- **Exercise goal**: Nothing but the lines from the first line of the records through the line with "Noisy May –" should be output, exactly as written and free of pictures.

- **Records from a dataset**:
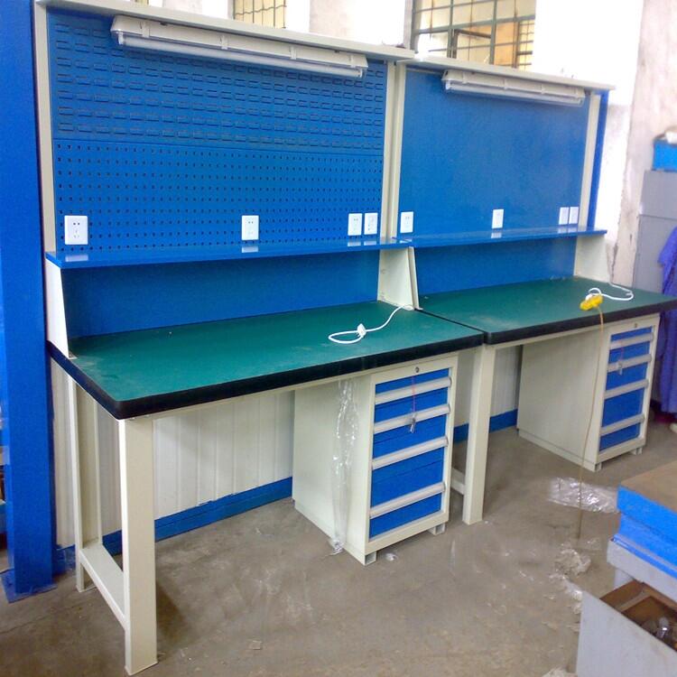 1.工作台使用于学校、车间流水线、钳工操作台、电子厂生产,等多种地方时使用.2.可以配带抽屉,柜子,灯架、挂板架、钳工台等设备配合生产。3.桌面有复合面、防静电面、榉木面、不锈钢面、钢包面等多种可供选择,根据需要的不同搭配不同的桌面。4.在抽屉上可以加配可以移动的分隔板,根据存放工具的大小来调整空间。5.工作台配带的工具柜可以选择是抽屉的、带柜子的,或是两者都有的。6.桌面承重1000Kg,可以根据不同的需求来调整材料,从而保证了承重.
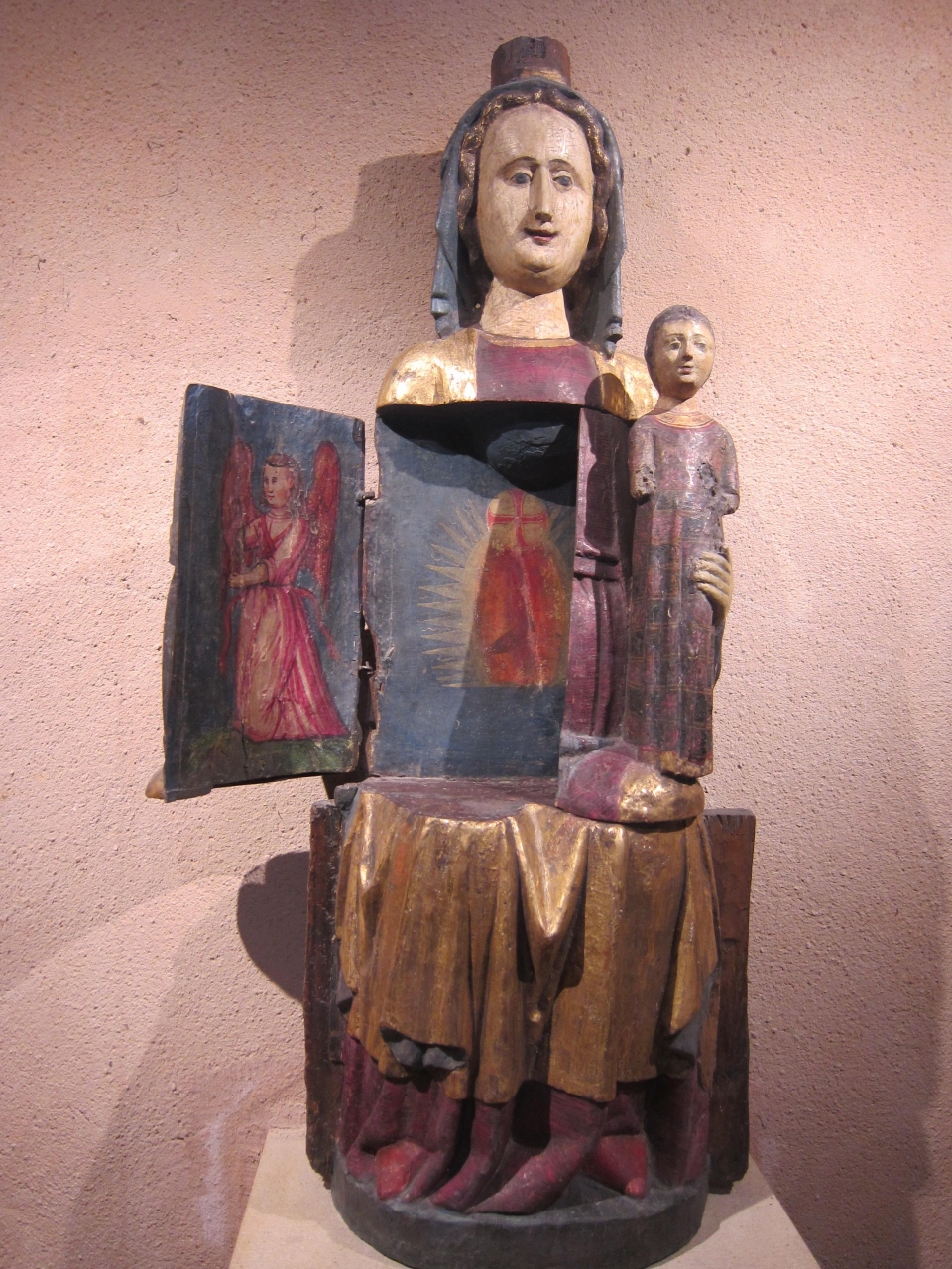 教会内部にある「開くマリア」像は、14世紀に作られた木造の、色つき、高さわずか120cmの像です。アルザスに唯一残る、めずらしい像です。との事。確かにあまり見たことが無いかも。綺麗とか、豪華とかとは無塩のマリア様。Eguisheimに来たら、見て欲しいですね。
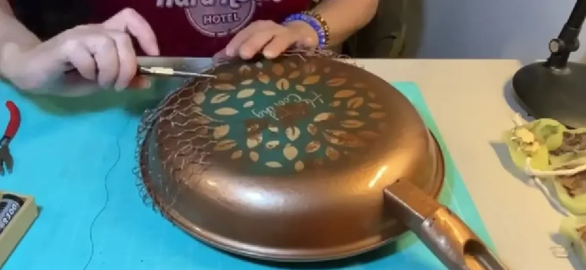 Po wyschnięciu elementów przystępujemy do łączenia siatki z patelnią. Najpierw wykonujemy formowanie, umieszczając siatkę na połowie patelni. Za pomocą szczypiec zagnij siatkę, aby owinęła krawędź, a nadmiar zagnij do tyłu.
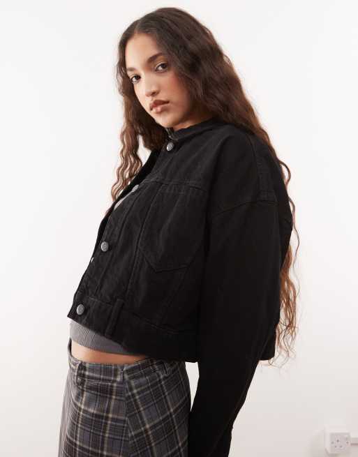 Noisy May – Czarna kurtka jeansowa o krótkim fasonie i pudełkowym kroju
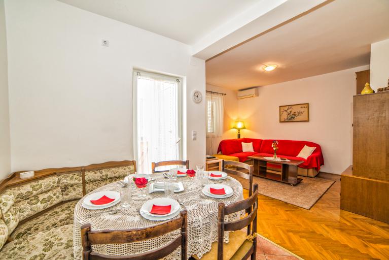 Apartmani Jasmina - Crikvenica. Apartman za 6+2 osobe smješten je na prvom katu i potkrovlju, sastoji se od tri spavaće sobe, dvije kupaonice, dnevne sobe, kuhinje i balkona. Ima osigurano parkirno mjesto, mogućnost grila, tv, internet, klima. U mirnom dijelu grada Crikvenice u blizini centra i plaža.
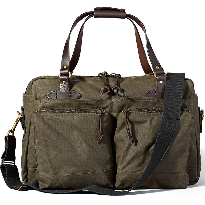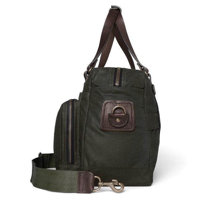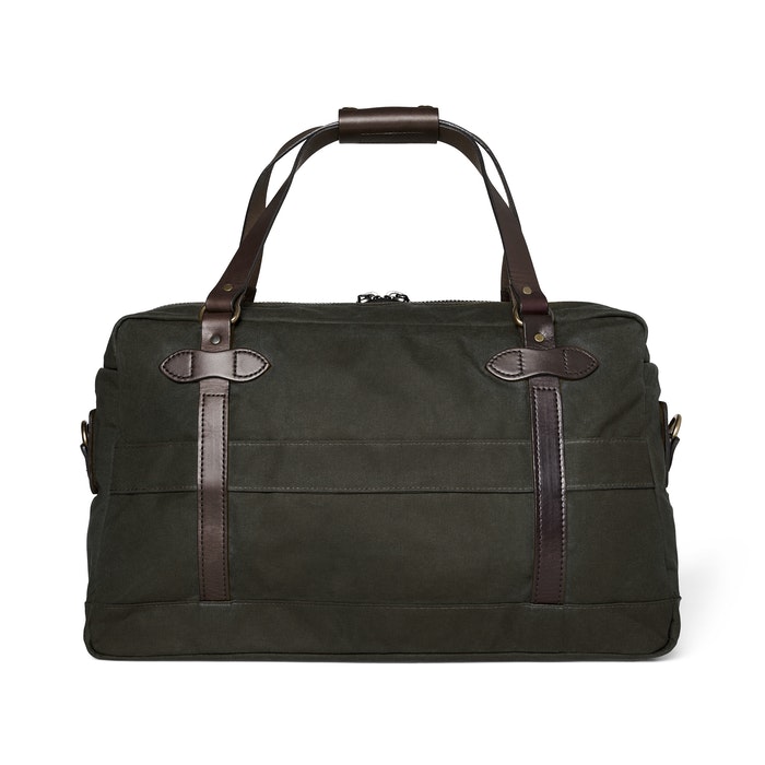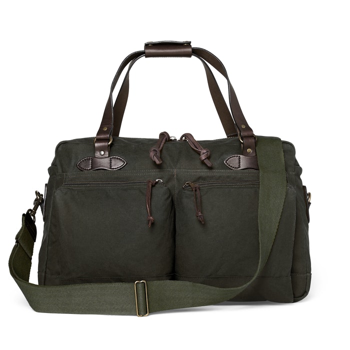 An overnight bag with a reinforced base and exterior pockets. The 48-Hour Tin Cloth Duffle Bag is ideal for overnight and weekend trips. Oil finish Tin Cloth sheds rain and snow to keep your gear dry. An adjustable, removable shoulder strap allows shoulder or cross-body messenger carry. Equipped with Bridle Leather straps for hand carry, and a trolley strap for use with rolling check-in luggage. Use it on the jobsite, in the field or as a carry-on bag – this versatile duffle is up to the task.
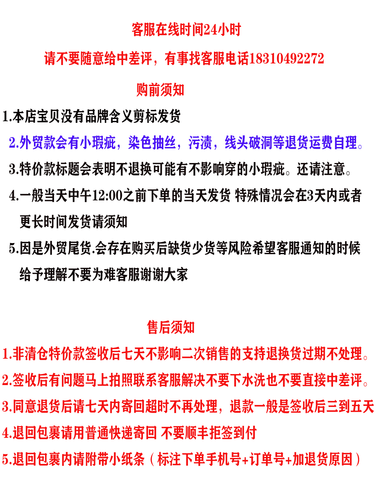 关于尺寸说明:店铺所售衣服多为出口多余成衣,因为出口国家不一所以尺码不统一
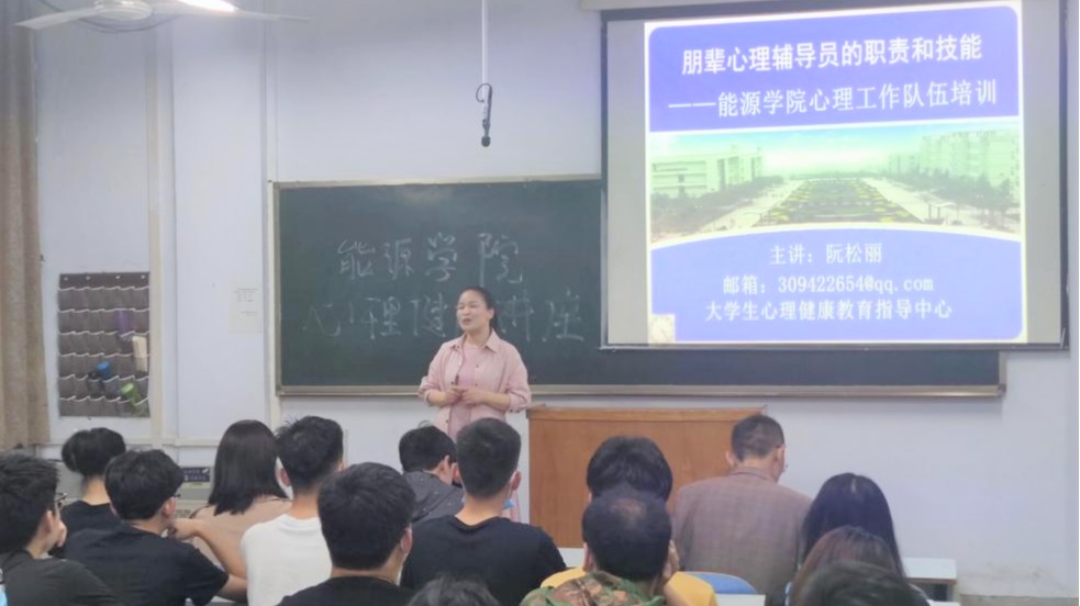 (通讯员 申媛媛)为进一步提升公司师生心理健康教育工作的实效性,切实提高心理辅导队伍的心理危机应对能力,提高师生的心理自我调适能力。5月19日晚上,公司特邀请校心理健康教育指导中心阮松丽老师进行专题培训。公司党委副书记弓亚超、团总支副书记申媛媛、辅导员老师曹阳飞、黄素珍以及各班级心理委员和员工代表参加了本次培训。
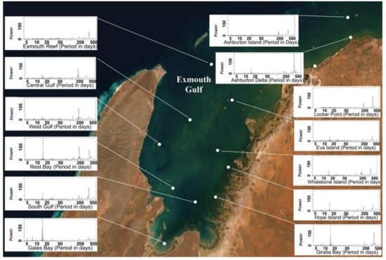 Spectral analysis of daily TSM supports the observed seasonal turbidity trends. For example, those sites experiencing a single winter TSM peak return a very strong spectral frequency of 360 days while sites that experience autumn and spring peaks returned a spectral analyses frequency spike at 180 days. Sites located in the southern Gulf, including Giralia, Hope Island, Gales and Rest Bay were also found to exhibit a spectral frequency spike at 14 days, coinciding with the spring–neap tidal period (Figure 6).
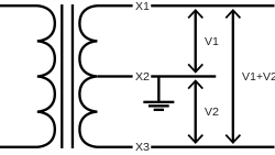 Um transformador que alimenta um sistema de fase dividida possui um enrolamento de entrada monofásico (primário). O enrolamento de saída (secundário) possui uma derivação (comumente chamado tape) central, esta conectada a um sistema de aterramento, conforme mostrado na Fig. 1, cada ponta (X) em relação ao centro tem metade da tensão de ponta a ponta.
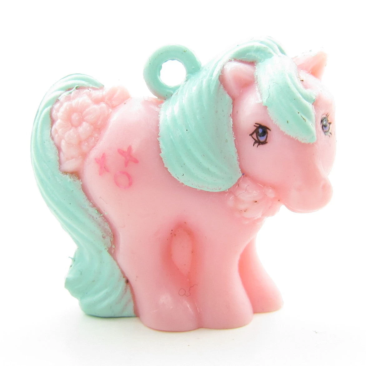This vintage G1 My Little Pony mommy or mummy charm is Hugs & Kisses. She’s pink with aqua blue hair and dark pink Xs and Os for her symbol.
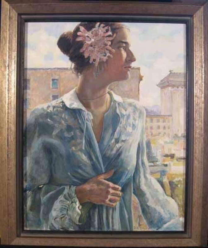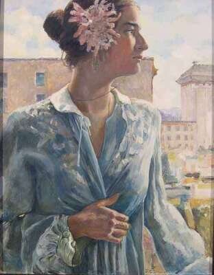 DEBORAH DEICHLER (AMERICAN B. 1948) WOMAN IN BLUE DRESS AND PINK FLOWER
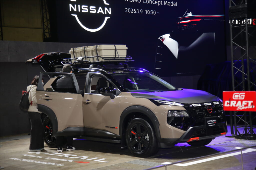 日産自動車ブースのお立ち台で一際輝いていた「X-TRAIL ROCK CREEK MULTIB」。車中泊を可能にしたマルチベッドシステムに興味津々の様子! ルーフキャリアや各種ガーニッシュを纏った「SOTOASOBIパッケージ」でギア感が高められている。
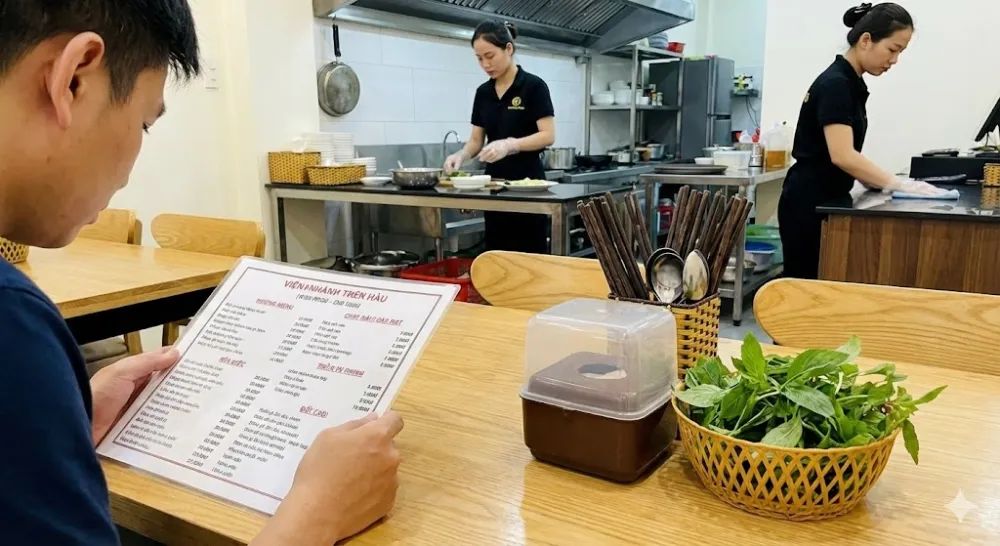 Atmosphere: Escape the chaos. We offer a space decorated with traditional handcrafted bamboo, warm lighting, and crucial for Hanoi summers, cool Air Conditioning. It is a place where you can savor the meal without shouting over traffic noise.
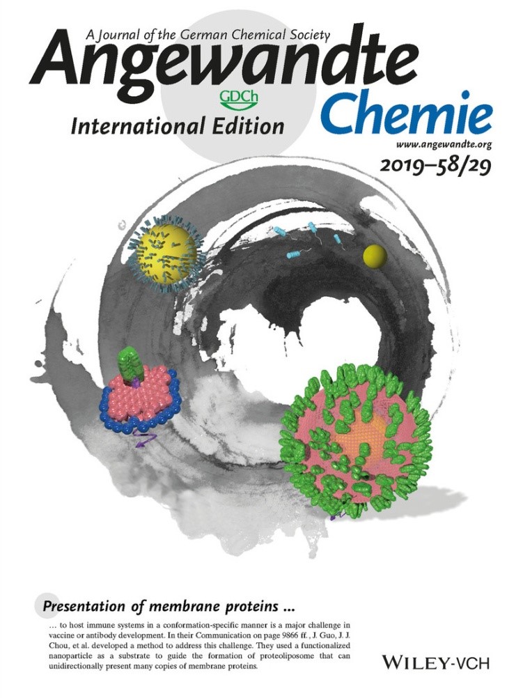 在这次疫情防控和科研攻关当中,高等学校及其附属医院是一支非常重要的力量。近期,bw必威西汉姆联官网郭俊凌教授课题组与哈佛医学院研究团队在国际顶级期刊《Angewandte Chemie International Edition》(德国应用化学)以外封面形式在线发表题为“Unidirectional Presentation of Membrane Proteins in Nanoparticle-Supported Liposomes”研究论文(2019年6月25日正式发表)。该研究开发一种病毒膜蛋白新型组装技术以及一种人工病毒合成的新平台方法,同时该技术也可以用来研发各种受体蛋白、离子通道以及转运蛋白的高效抗体。在该研究中,研究人员成功地合成了艾滋病HIV类病毒,并且检验了其在动物模型中有效抗体的产生,这个研究极大地鼓舞了该研究团队尝试利用这项新技术合成新型冠状病毒SARS-CoV-2疫苗。
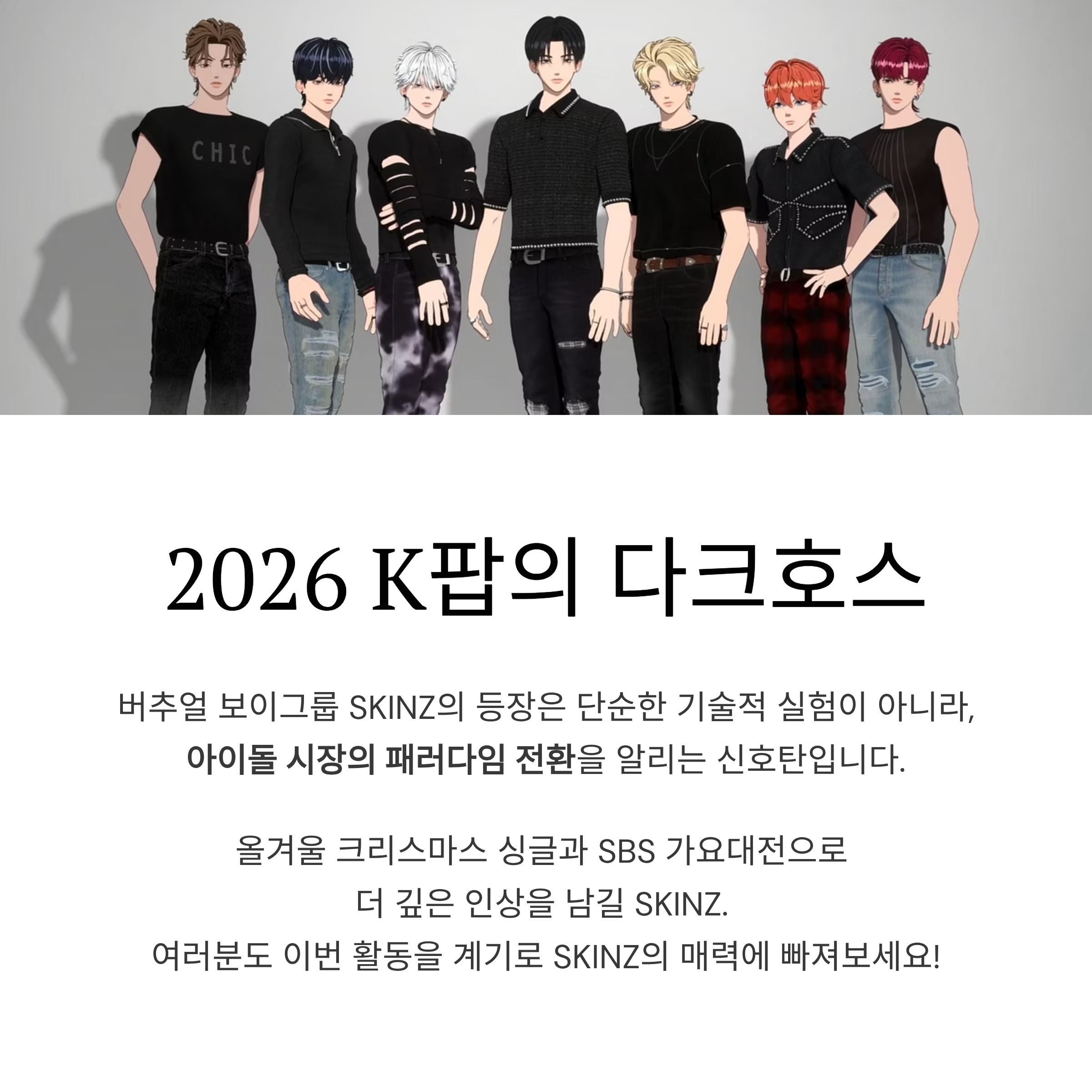가상과 현실을 넘나드는 버추얼 보이그룹 SKINZ, 드디어 연말의 중심으로 등장합니다!
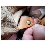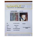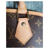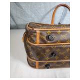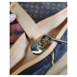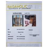 with dust bag - 8.5" tall (signs of age are pen mark on inside top, wear to the interior pocket lining, and stains on the strap) {in house shipping available} 3

- **Expected output**:
 1.工作台使用于学校、车间流水线、钳工操作台、电子厂生产,等多种地方时使用.2.可以配带抽屉,柜子,灯架、挂板架、钳工台等设备配合生产。3.桌面有复合面、防静电面、榉木面、不锈钢面、钢包面等多种可供选择,根据需要的不同搭配不同的桌面。4.在抽屉上可以加配可以移动的分隔板,根据存放工具的大小来调整空间。5.工作台配带的工具柜可以选择是抽屉的、带柜子的,或是两者都有的。6.桌面承重1000Kg,可以根据不同的需求来调整材料,从而保证了承重.
 教会内部にある「開くマリア」像は、14世紀に作られた木造の、色つき、高さわずか120cmの像です。アルザスに唯一残る、めずらしい像です。との事。確かにあまり見たことが無いかも。綺麗とか、豪華とかとは無塩のマリア様。Eguisheimに来たら、見て欲しいですね。
 Po wyschnięciu elementów przystępujemy do łączenia siatki z patelnią. Najpierw wykonujemy formowanie, umieszczając siatkę na połowie patelni. Za pomocą szczypiec zagnij siatkę, aby owinęła krawędź, a nadmiar zagnij do tyłu.
 Noisy May – Czarna kurtka jeansowa o krótkim fasonie i pudełkowym kroju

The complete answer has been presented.